Ahmedabad, May 2 - More than 4,000 students from the earthquake-ravaged areas of Kutch and around 55 from Gujarat's principal city Ahmedabad are these days writing the higher secondary certificate (HSC) and secondary school certificate (SSC) examinations organized specially for them.

Gujarat Secondary Education Board (GSEB) chairman P. V. Trivedi told IANS that after the quake, students of the two regions were not in a position to take the examinations last month. So the Gujarat government and various other organizations decided to hold supplementary examinations for students in the two regions.

"Now the HSC and SSC students are feeling comfortable as they got some time to catch up with their studies so badly disturbed in the wake of the quake. We saw some students were still tense, but that is the case with all examinations," Trivedi said Wednesday, the second day of the examinations.

A devastating quake measuring 6.9 on the Richter scale hit Gujarat January 26, less than six weeks before the examinations that were scheduled in the first week of March. About 25,000 people were killed and tens of thousands left homeless in the temblor.

The state government postponed the examinations by two weeks, but further delayed the examination for the students of Kutch and Ahmedabad.

Students at the Government Girls' High School at Raikhad in the city seemed tense, but brave at the examinations. One of the students, Shreya Dikshit, who lost her father in quake, said her father had said she should never neglect her studies.

The center of all attraction, however, was Kuldeep Maniar, a cerebral palsy patient who was taking his HSC (general stream) exams.

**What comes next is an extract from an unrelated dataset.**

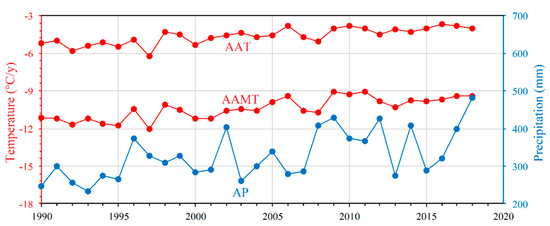As shown in Figure 2, AAT showed a significantly increasing trend (0.06 ± 0.01 °C/y, p < 0.01) with a noticeable variation. The average temperature was −4.6 °C during this full period. The average temperature was −5.0 °C during 1990−2005, and −4.1 °C during 2006–2018. The highest AAT occurred in 2016 with −3.7 °C, and the lowest temperature occurred in 1997 with −6.2 °C. AAMT also showed an increasing trend (0.08 ± 0.01 °C/y, p < 0.01), which was much faster than that AAT (Figure 2). The average AAMT was −10.4 °C during 1990−2018, −11 °C during 1990–2004 and −9.7 °C during 2005–2019. The lowest AAMT was −12 °C in 1997 and the highest was −9.1 °C in 2009 and 2011. As shown in Figure 2, precipitation showed a significantly increasing trend (4.6 ± 1.2 mm/y, p < 0.01) with fluctuation from 1990 to 2018. The average AP was 328.8 mm during this period. The average precipitation was 297.8 mm during 1990−2007 and 379.5 mm during 2008−2018. The highest precipitation occurred in 2018 with 480.6 mm, and the least precipitation was in 1993 with 232 mm.

Kuldeep is writing the papers himself. He suffers 85 percent disability and moves around with a walker.

His mother, a biology teacher at the local C.N. Vidyalaya said Kuldeep's only disadvantage is that he writes a little slow. "Kuldeep is never able to finish his paper. He ends up not being able to write at least one and a half questions despite knowing the answer," says his mother, requesting the government to modify rules to help children trying to rise above their disabilities.

Trivedi said the board was looking for good results from the students. The quake-hit students had some psychological problems so the marking scheme would be a little liberal for them, he said.